* Your objective
Restate the entries below exactly, and keep all images out of the answer.

* Dataset
________

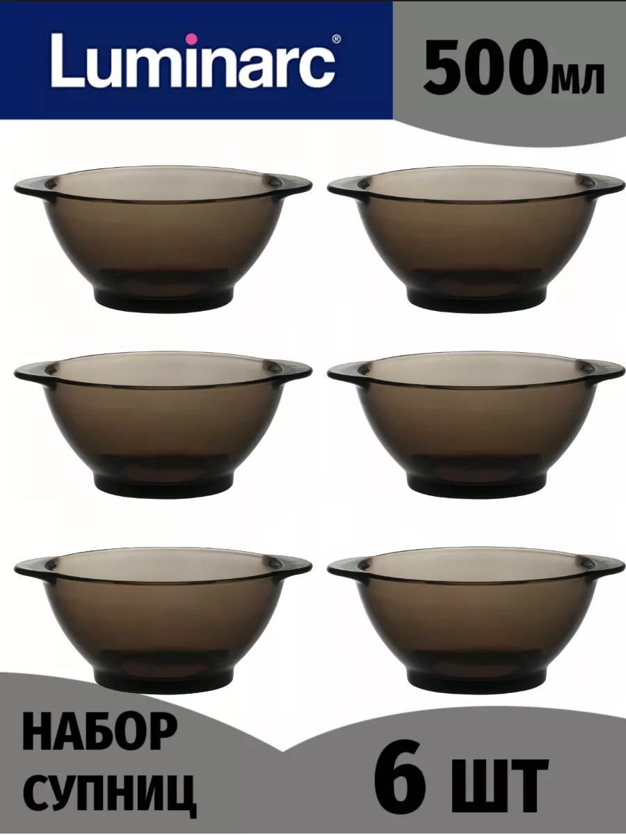 Набор бульонниц Luminarc 560мл дымчатых 6 штук H8504/6 ударопрочное стекло интересное:
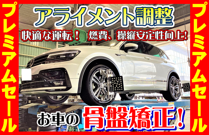 【プレミアムタイヤセール開催中!】輸入車のアライメント調整もお任せ下さい(^^)/
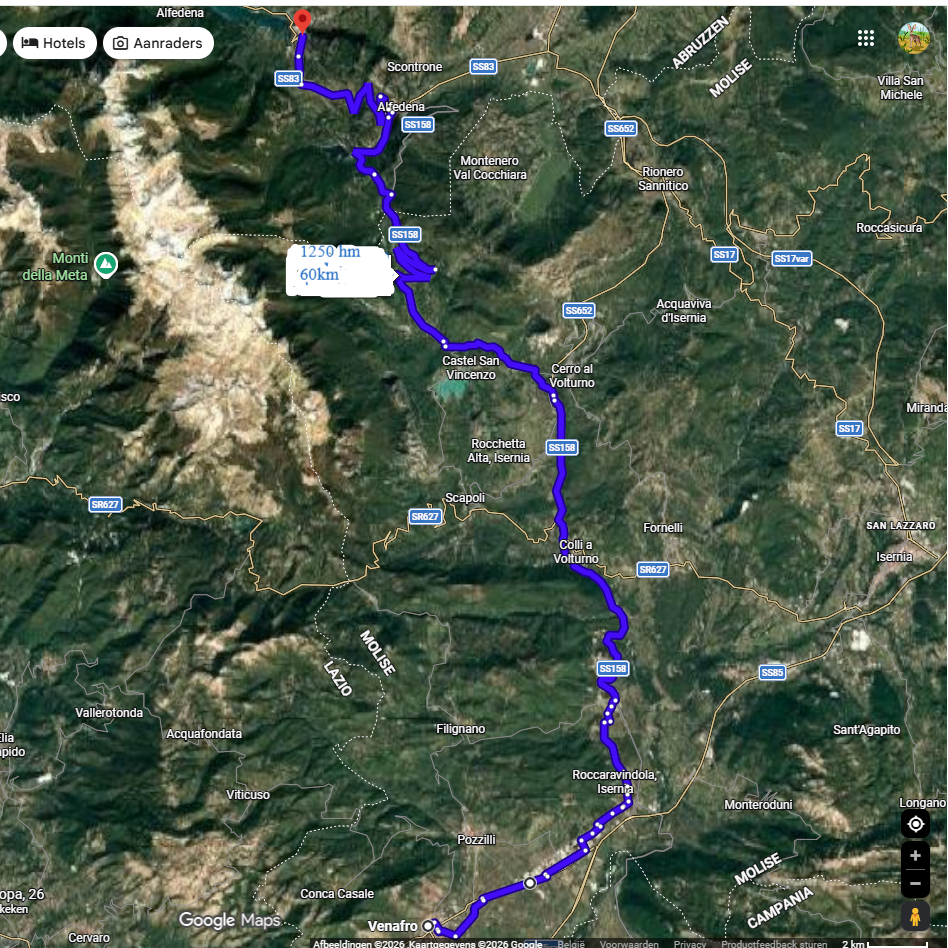 Behalve het geluid van occasioneel voorbijrijdende wagens is er alleen het ruisen van de wind in de toppen van de bomen. Ik trap op een tempo dat ik lang kan volhouden, zo spaar ik mijn krachten. Het struikgewas maakt op de meeste plaatsen het bos onzichtbaar tot ik links aan de overkant het geknor van een everzwijn hoor. Het dier is nu goed zichtbaar en maakt aanstalten om de weg over te steken, maar maakt bruusk rechtsomkeer. Rechts op zo’n 20 meter ontwaar ik de contouren van een groot bruin dier dat ik niet herken, maar dat even snel weer verdwijnt: een hert of een beer? Ik zal het nooit te weten komen. De kans dat het alleen maar mijn verbeelding was is groot, maar een beer in deze omgeving is niet helemaal uitgesloten. Het Parco Nazionale di Molise e Abruzzo telt namelijk nog een vijftigtal beren en hier bevind ik me toch aan de rand van dat park. Midden in deze wildernis meldt een bord mij dat ik de regio Molise verlaat en in de regio Abruzzo ben beland. Even verderop is er links een weggetje naar het Lago Montagna Spaccata en sneller dan verwacht bereik ik iets wat op een top lijkt op zo’n 1120 meter. De weg wordt hier even vlak en het landschap wat opener. Alfadena ligt 200 hoogtemeters lager in de vallei van de Sangro rivier en de afdaling is 6 km lang. Na de lange klim is de daling een verademing. Ik geniet van de koele wind en de snelheid waarmee de laatste kilometers van de SS158 voorbijvliegen. Maar volop genieten is er niet bij, want terwijl ik naar beneden raas, groeit het besef ik dat ik straks weer met hard labeur uit diezelfde vallei moet klimmen.
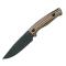 Le manche est en G10 tricolore (marron, noir, vert) résistant aux intempéries, à l'humidité avec décrochage au niveau de l'index, trou à l'arrière pour le passage d'une dragonne.
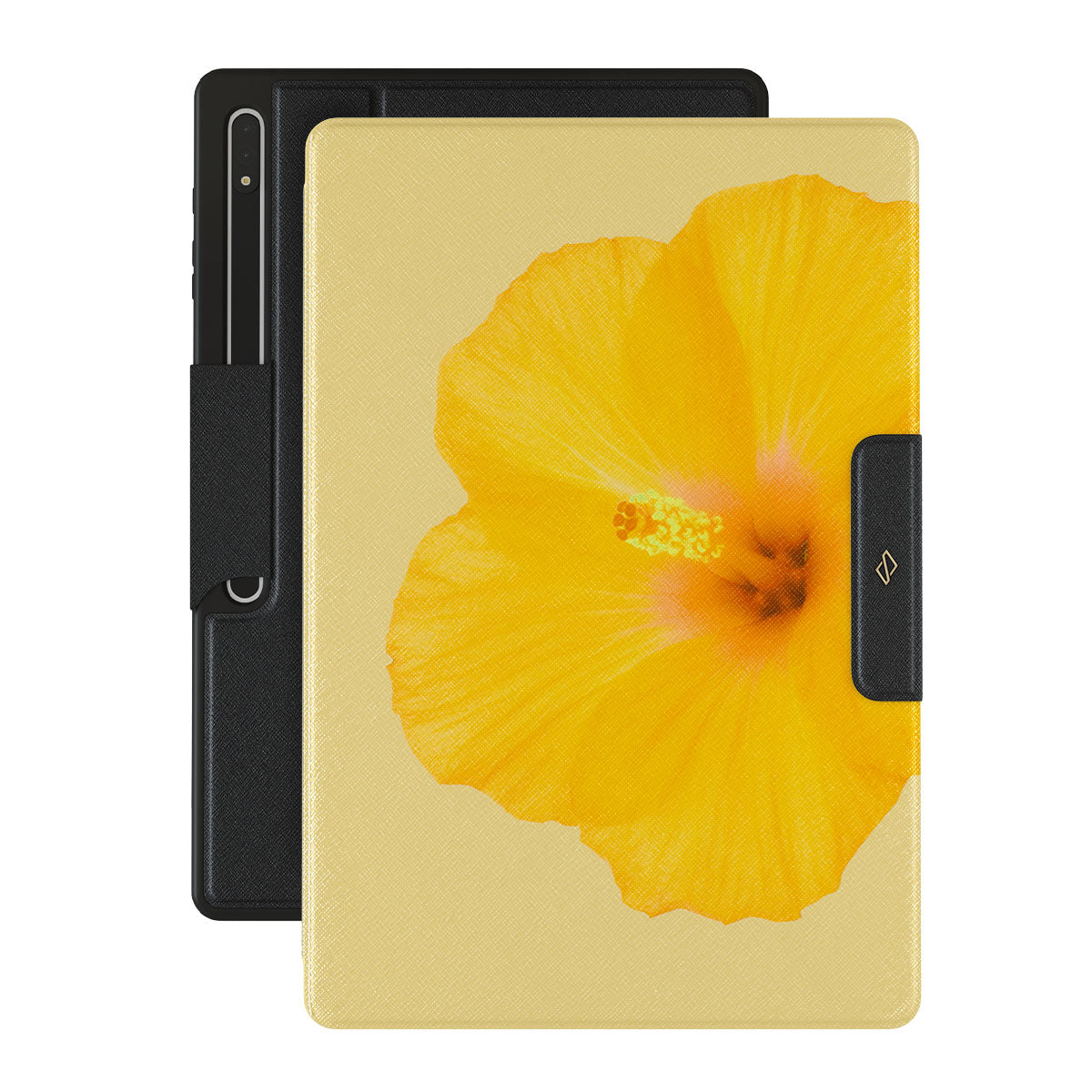 Our Hibiscus Samsung Galaxy Tab S8 Ultra folio case features a striking design with a large, vibrant yellow hibiscus flower on a matching yellow background. This tropical flower pattern exudes a sense of warmth and exotic beauty, perfect for those who love nature-inspired and floral aesthetics.
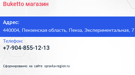 Buketto, магазин по адресу 440004, Пензенская область, Пенза, Экспериментальная, 7 в дальнейшем Организация, размещена в следующих категориях:
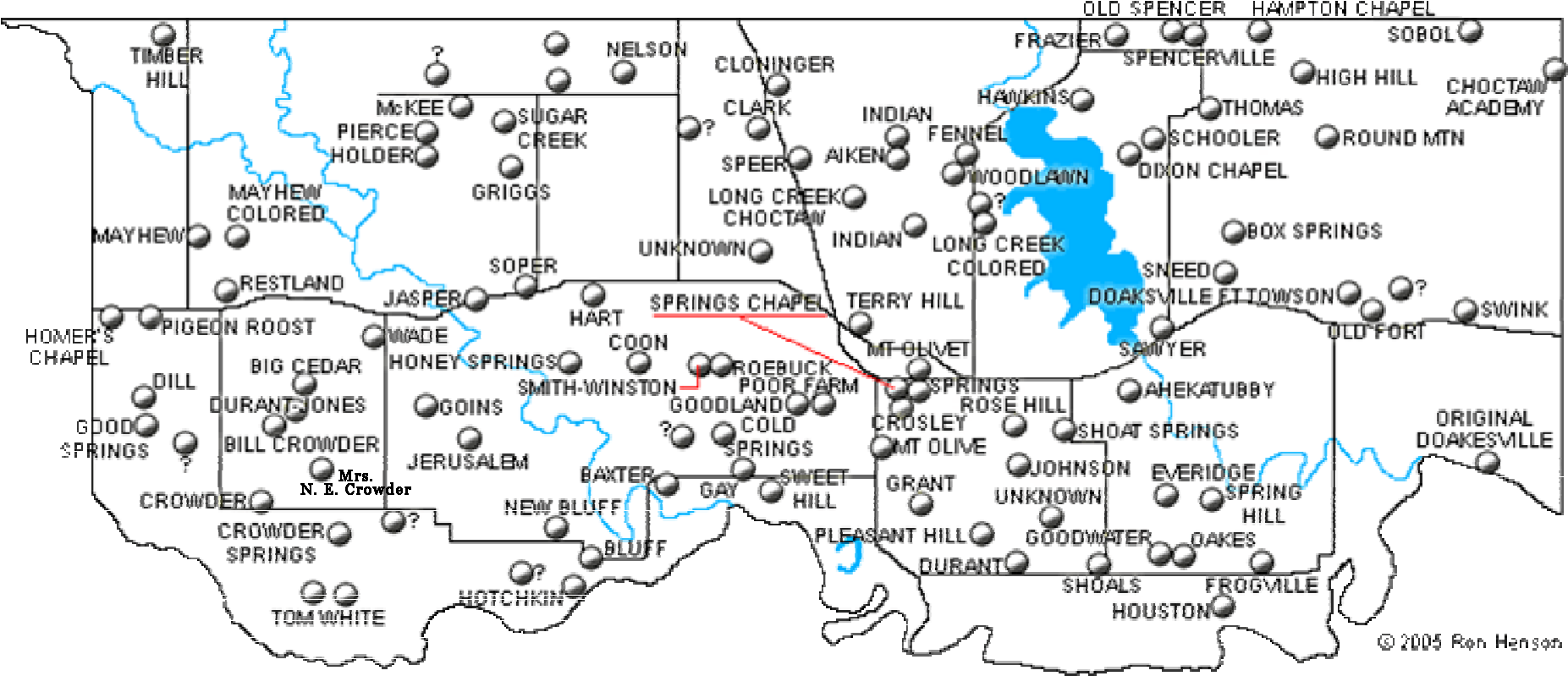 If you have information about any of these cemeteries or any cemetery or burials in Choctaw County not listed, please email the County Coordinator.
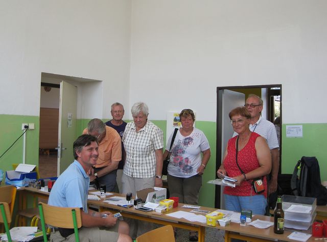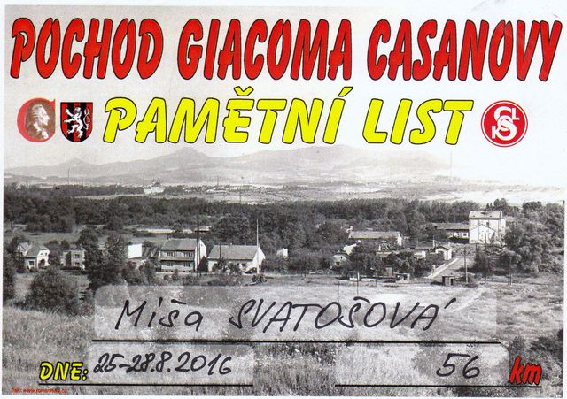 Další, rovněž příjemné zastavení, bylo s pořadateli ve štábu sídlícím v ZŠ Jaroslava Pešaty – dozvěděli jsme se, že 13. ročník Pochodu Giacoma Casanovy, asi nejznámější zdejší akce, kterou pořádá turistický oddíl TJ Sokol Duchcov, byl poznamenán počasím – pochodníci nemají v oblibě velká vedra, která teď ve vrcholícím létě panovala, a tak během čtyř dní, kdy akce trvá, využilo připravených tras celkem asi 180 lidí, pěšáků i cyklistů.
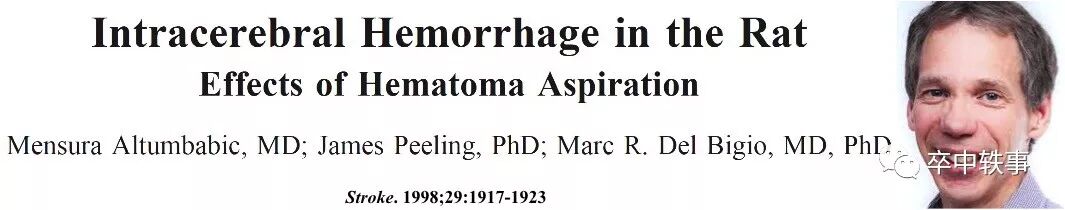 1998年加拿大的病理医生,脑出血研究专家 Marc Del Bigio 团队在 Stroke 报道了在大鼠胶原酶脑出血模型上超早期血肿清除的长期影响:“大鼠脑出血,抽吸血肿的疗效 - Intracerebral Hemorrhage in the Rat, Effects of Hematoma Aspiration”(上图)。

________

* Answer to the exercise
 Набор бульонниц Luminarc 560мл дымчатых 6 штук H8504/6 ударопрочное стекло интересное:
 【プレミアムタイヤセール開催中!】輸入車のアライメント調整もお任せ下さい(^^)/
 Behalve het geluid van occasioneel voorbijrijdende wagens is er alleen het ruisen van de wind in de toppen van de bomen. Ik trap op een tempo dat ik lang kan volhouden, zo spaar ik mijn krachten. Het struikgewas maakt op de meeste plaatsen het bos onzichtbaar tot ik links aan de overkant het geknor van een everzwijn hoor. Het dier is nu goed zichtbaar en maakt aanstalten om de weg over te steken, maar maakt bruusk rechtsomkeer. Rechts op zo’n 20 meter ontwaar ik de contouren van een groot bruin dier dat ik niet herken, maar dat even snel weer verdwijnt: een hert of een beer? Ik zal het nooit te weten komen. De kans dat het alleen maar mijn verbeelding was is groot, maar een beer in deze omgeving is niet helemaal uitgesloten. Het Parco Nazionale di Molise e Abruzzo telt namelijk nog een vijftigtal beren en hier bevind ik me toch aan de rand van dat park. Midden in deze wildernis meldt een bord mij dat ik de regio Molise verlaat en in de regio Abruzzo ben beland. Even verderop is er links een weggetje naar het Lago Montagna Spaccata en sneller dan verwacht bereik ik iets wat op een top lijkt op zo’n 1120 meter. De weg wordt hier even vlak en het landschap wat opener. Alfadena ligt 200 hoogtemeters lager in de vallei van de Sangro rivier en de afdaling is 6 km lang. Na de lange klim is de daling een verademing. Ik geniet van de koele wind en de snelheid waarmee de laatste kilometers van de SS158 voorbijvliegen. Maar volop genieten is er niet bij, want terwijl ik naar beneden raas, groeit het besef ik dat ik straks weer met hard labeur uit diezelfde vallei moet klimmen.
 Le manche est en G10 tricolore (marron, noir, vert) résistant aux intempéries, à l'humidité avec décrochage au niveau de l'index, trou à l'arrière pour le passage d'une dragonne.
 Our Hibiscus Samsung Galaxy Tab S8 Ultra folio case features a striking design with a large, vibrant yellow hibiscus flower on a matching yellow background. This tropical flower pattern exudes a sense of warmth and exotic beauty, perfect for those who love nature-inspired and floral aesthetics.
 Buketto, магазин по адресу 440004, Пензенская область, Пенза, Экспериментальная, 7 в дальнейшем Организация, размещена в следующих категориях:
 If you have information about any of these cemeteries or any cemetery or burials in Choctaw County not listed, please email the County Coordinator.
 Další, rovněž příjemné zastavení, bylo s pořadateli ve štábu sídlícím v ZŠ Jaroslava Pešaty – dozvěděli jsme se, že 13. ročník Pochodu Giacoma Casanovy, asi nejznámější zdejší akce, kterou pořádá turistický oddíl TJ Sokol Duchcov, byl poznamenán počasím – pochodníci nemají v oblibě velká vedra, která teď ve vrcholícím létě panovala, a tak během čtyř dní, kdy akce trvá, využilo připravených tras celkem asi 180 lidí, pěšáků i cyklistů.
 1998年加拿大的病理医生,脑出血研究专家 Marc Del Bigio 团队在 Stroke 报道了在大鼠胶原酶脑出血模型上超早期血肿清除的长期影响:“大鼠脑出血,抽吸血肿的疗效 - Intracerebral Hemorrhage in the Rat, Effects of Hematoma Aspiration”(上图)。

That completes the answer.